» **Exercise requirements**
In the entries below, find the line with "little girl, loli, blonde" and the line with "One of the most"; give again those lines and every line between them, exactly.

» **Given information**
• • • •

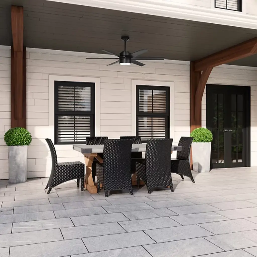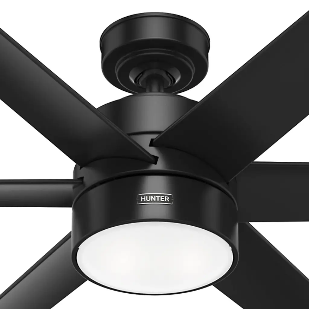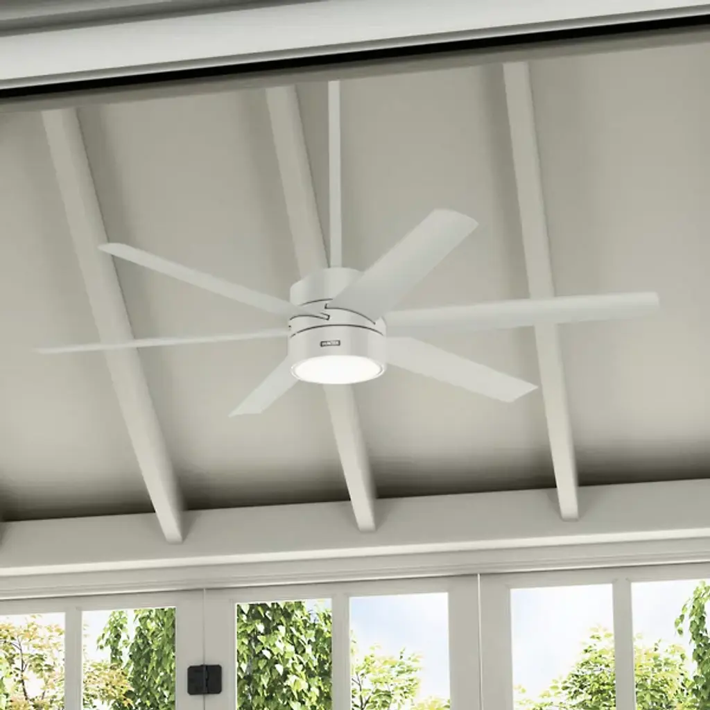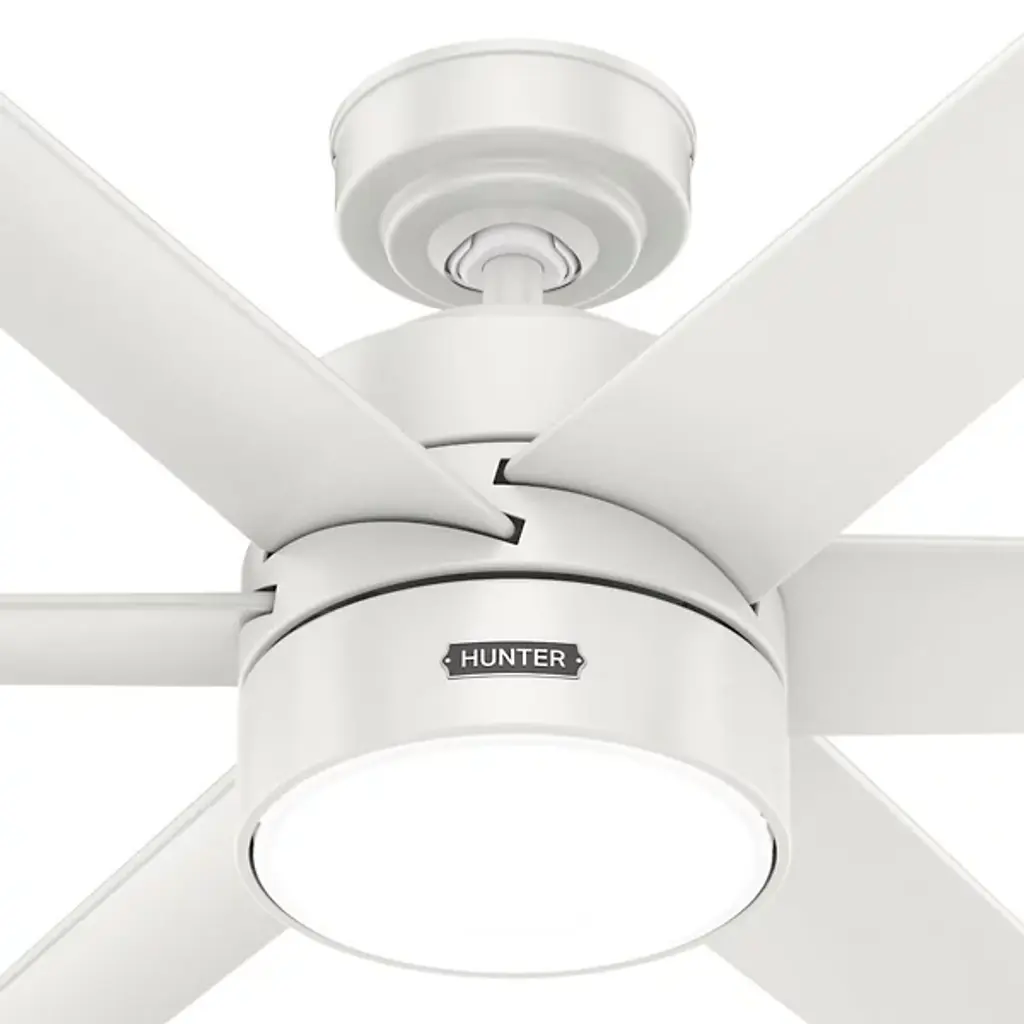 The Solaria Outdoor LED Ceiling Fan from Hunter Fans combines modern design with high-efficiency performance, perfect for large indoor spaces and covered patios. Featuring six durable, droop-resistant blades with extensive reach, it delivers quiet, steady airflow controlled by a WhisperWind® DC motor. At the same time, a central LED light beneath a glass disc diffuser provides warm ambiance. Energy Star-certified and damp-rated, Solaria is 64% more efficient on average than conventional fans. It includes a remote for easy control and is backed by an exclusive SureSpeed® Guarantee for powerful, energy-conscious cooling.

• • • •

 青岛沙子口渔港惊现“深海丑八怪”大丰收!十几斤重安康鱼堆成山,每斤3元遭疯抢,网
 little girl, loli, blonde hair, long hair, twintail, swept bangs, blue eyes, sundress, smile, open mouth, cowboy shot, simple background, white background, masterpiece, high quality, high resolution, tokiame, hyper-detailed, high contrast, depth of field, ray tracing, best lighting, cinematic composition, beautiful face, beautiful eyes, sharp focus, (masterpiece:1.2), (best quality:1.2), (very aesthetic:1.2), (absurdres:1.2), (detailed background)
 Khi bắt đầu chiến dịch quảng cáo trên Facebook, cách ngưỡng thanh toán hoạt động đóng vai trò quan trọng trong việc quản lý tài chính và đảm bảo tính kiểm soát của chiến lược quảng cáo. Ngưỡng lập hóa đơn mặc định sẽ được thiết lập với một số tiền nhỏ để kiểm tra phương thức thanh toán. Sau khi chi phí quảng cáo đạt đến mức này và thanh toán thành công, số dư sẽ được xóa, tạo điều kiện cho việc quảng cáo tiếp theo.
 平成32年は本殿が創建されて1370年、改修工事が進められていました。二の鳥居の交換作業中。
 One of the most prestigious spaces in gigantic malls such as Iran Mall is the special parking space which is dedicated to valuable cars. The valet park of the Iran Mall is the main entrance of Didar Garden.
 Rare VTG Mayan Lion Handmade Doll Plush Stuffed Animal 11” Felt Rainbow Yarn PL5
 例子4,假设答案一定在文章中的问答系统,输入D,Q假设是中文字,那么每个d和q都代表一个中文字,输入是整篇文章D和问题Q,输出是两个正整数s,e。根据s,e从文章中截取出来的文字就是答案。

• • • •

» **Exercise result**
 little girl, loli, blonde hair, long hair, twintail, swept bangs, blue eyes, sundress, smile, open mouth, cowboy shot, simple background, white background, masterpiece, high quality, high resolution, tokiame, hyper-detailed, high contrast, depth of field, ray tracing, best lighting, cinematic composition, beautiful face, beautiful eyes, sharp focus, (masterpiece:1.2), (best quality:1.2), (very aesthetic:1.2), (absurdres:1.2), (detailed background)
 Khi bắt đầu chiến dịch quảng cáo trên Facebook, cách ngưỡng thanh toán hoạt động đóng vai trò quan trọng trong việc quản lý tài chính và đảm bảo tính kiểm soát của chiến lược quảng cáo. Ngưỡng lập hóa đơn mặc định sẽ được thiết lập với một số tiền nhỏ để kiểm tra phương thức thanh toán. Sau khi chi phí quảng cáo đạt đến mức này và thanh toán thành công, số dư sẽ được xóa, tạo điều kiện cho việc quảng cáo tiếp theo.
 平成32年は本殿が創建されて1370年、改修工事が進められていました。二の鳥居の交換作業中。
 One of the most prestigious spaces in gigantic malls such as Iran Mall is the special parking space which is dedicated to valuable cars. The valet park of the Iran Mall is the main entrance of Didar Garden.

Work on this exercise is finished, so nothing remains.